Not me. :) I have had times with this illness where mental fatigue was extreme and there was little mental or physical work I could do for very long at all. This wasn't a stress issue, though.

OTOH, I wasn't trying to work in my chosen profession at the time. I would not have been able to meet normal work deadlines when I couldn't read a page without being exhausted. Maybe if I was trying to do work I was unable to do because of my illness, I might have felt stressed.....

In general, goals motivate me -- especially in tasks I don't want to do.
 

Bluebell

Senior Member
Messages
392
In my case, too much thought or mental activity will exhaust my mind, and leave me unfit for any further mental tasks. In this exhausted state, I become a bit zombified, and this tends to make me sit around with my brain in neutral, doing nothing.

The above describes my experience.

I am not depressed. But I have very little motivation. It's mainly because I can't do much "big stuff", that I don't desire to do much. I have a constant mental and physical fatigue. My head is on 20% power. I'd rather close my eyes and rest my thoughts (not rest my feelings, though). This is so unlike me - my brain was always the most active and alive part of me!

I do not have the motivation to plan anything big, or even anything small, because I won't be able to do it, energy-wise. I have watched many of my prior life plans fall through, and perhaps become permanently unavailable to me. I am not angry at that, I am sad about it, and trying to accept what I ought to for my own peace of mind, and trying to work out what is still possible, as the birthdays tick by. I am not depressed.

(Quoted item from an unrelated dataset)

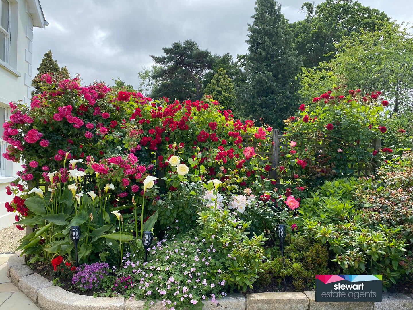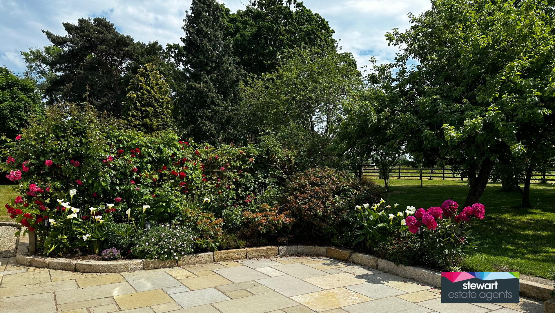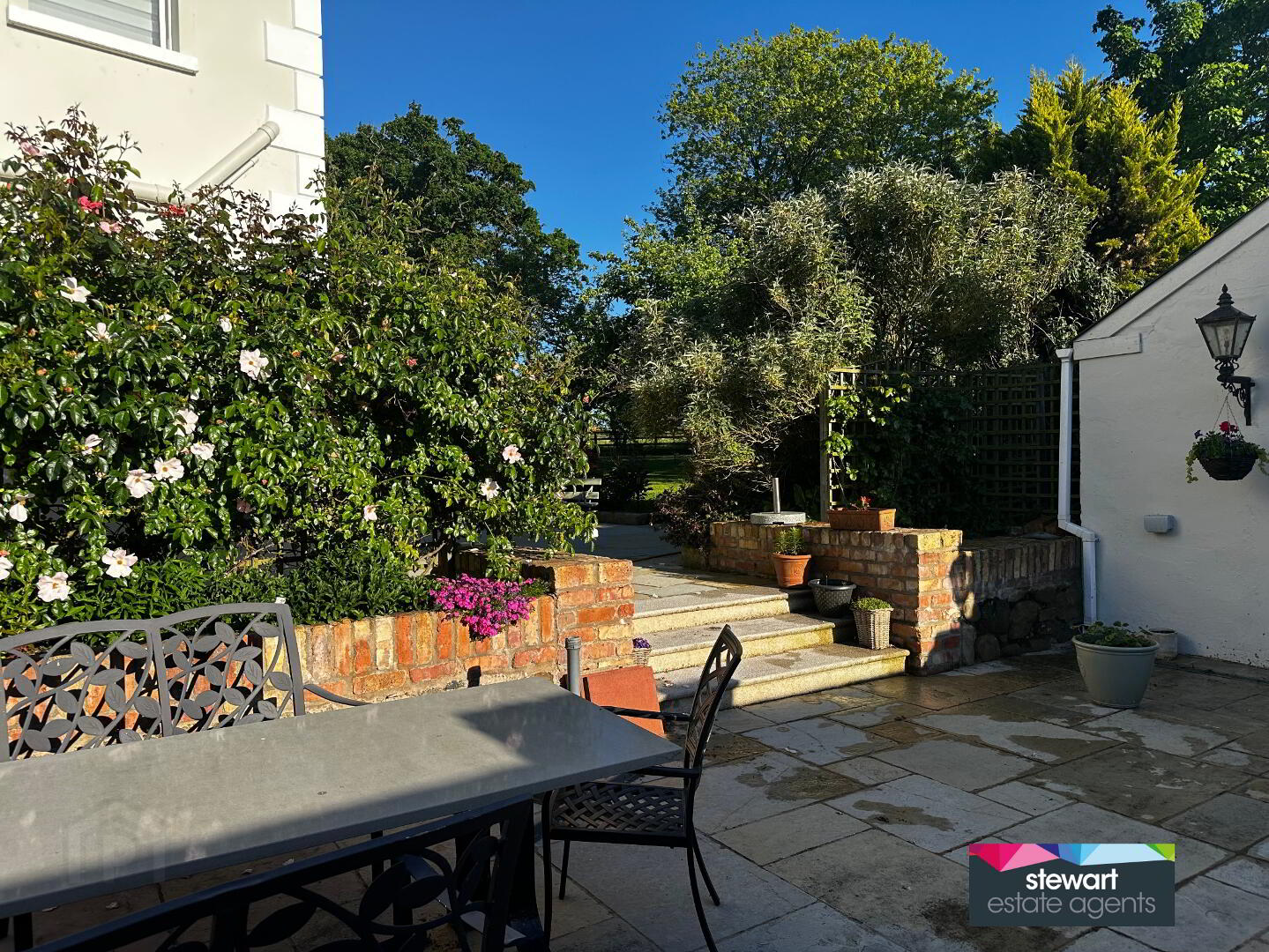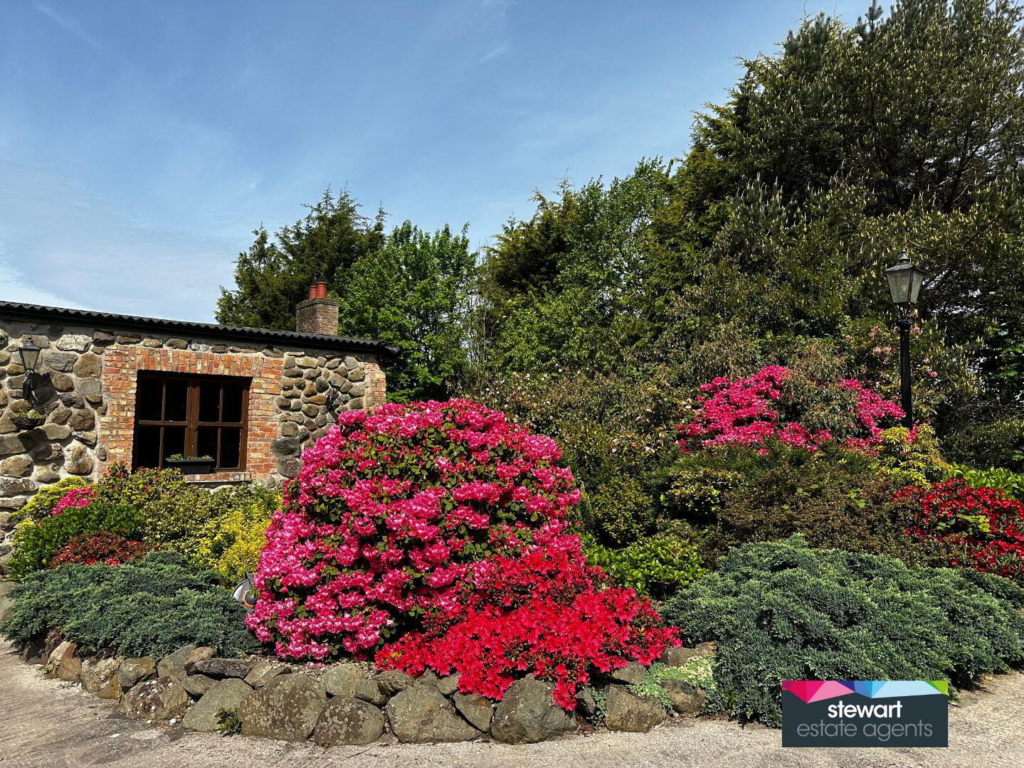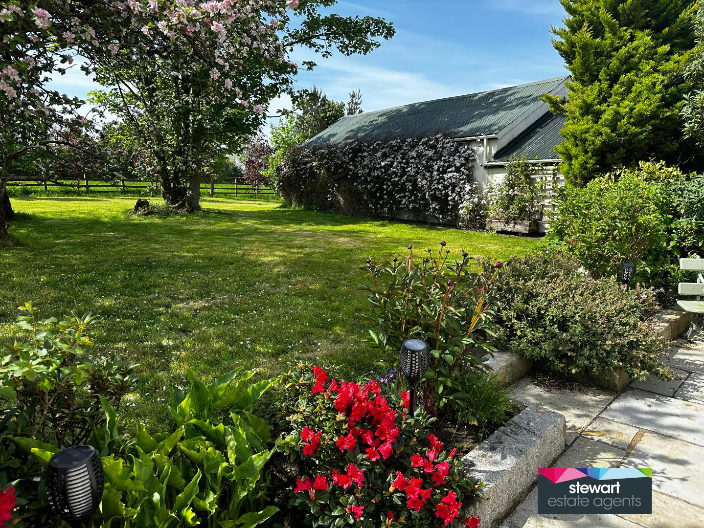Stunning gardens with a babbling brook and stone feature, an array of mature evergreen and deciduous trees as well as fruit trees, buxus hedging, floral borders and coach lights

Some people might conjecture that I have mental depression, looking at my symptoms/feelings (if they don't look at the rest of my physical health problems), but it's a slightly different thing. My underlying spirit and thoughts and moods are not depressed at all.

I do not have, nor have I sought, a medical diagnosis of CFS/ME (although I've had life-changing fatigue and related symptoms for several years), so I don't feel that my opinion is equal to the opinions of you who have been deep in the trenches for years with CFS/ME. I am not jumping into the argument because I could not be a full-fledged participant.

I don't know much about CFS/ME, but I know that anything that has a whiff of psychology is a touchy subject for people who have been misunderstood and misdiagnosed by so many medical professionals, and who may bristle at anything that sounds like they are being told they have a "mental" problem. I'm not saying what anyone has is even remotely a "mental" problem.

...Not that there is anything wrong or "lesser" about having a mental health problem, which is often at basis a "real" physical problem anyway, if the investigation is good enough.

(Even the condition of being a sociopath shows a discernible pattern on brain scans for most sufferers.
http://www.scientificamerican.com/article.cfm?id=can-you-make-sociopath-through-brain-injury-trauma
http://www.technologyreview.com/news/407738/what-can-neuroscience-tell-us-about-evil/
http://www.npr.org/templates/story/story.php?storyId=128116806)

Maybe different folks define "motivation" differently. I have no problem saying that I have very little motivation. I don't feel bad about that. Why couldn't lack of motivation be felt concurrently with a host of other symptoms? How is it different from having frequent headaches or having slow-moving bowels or poor blood circulation in the extremities?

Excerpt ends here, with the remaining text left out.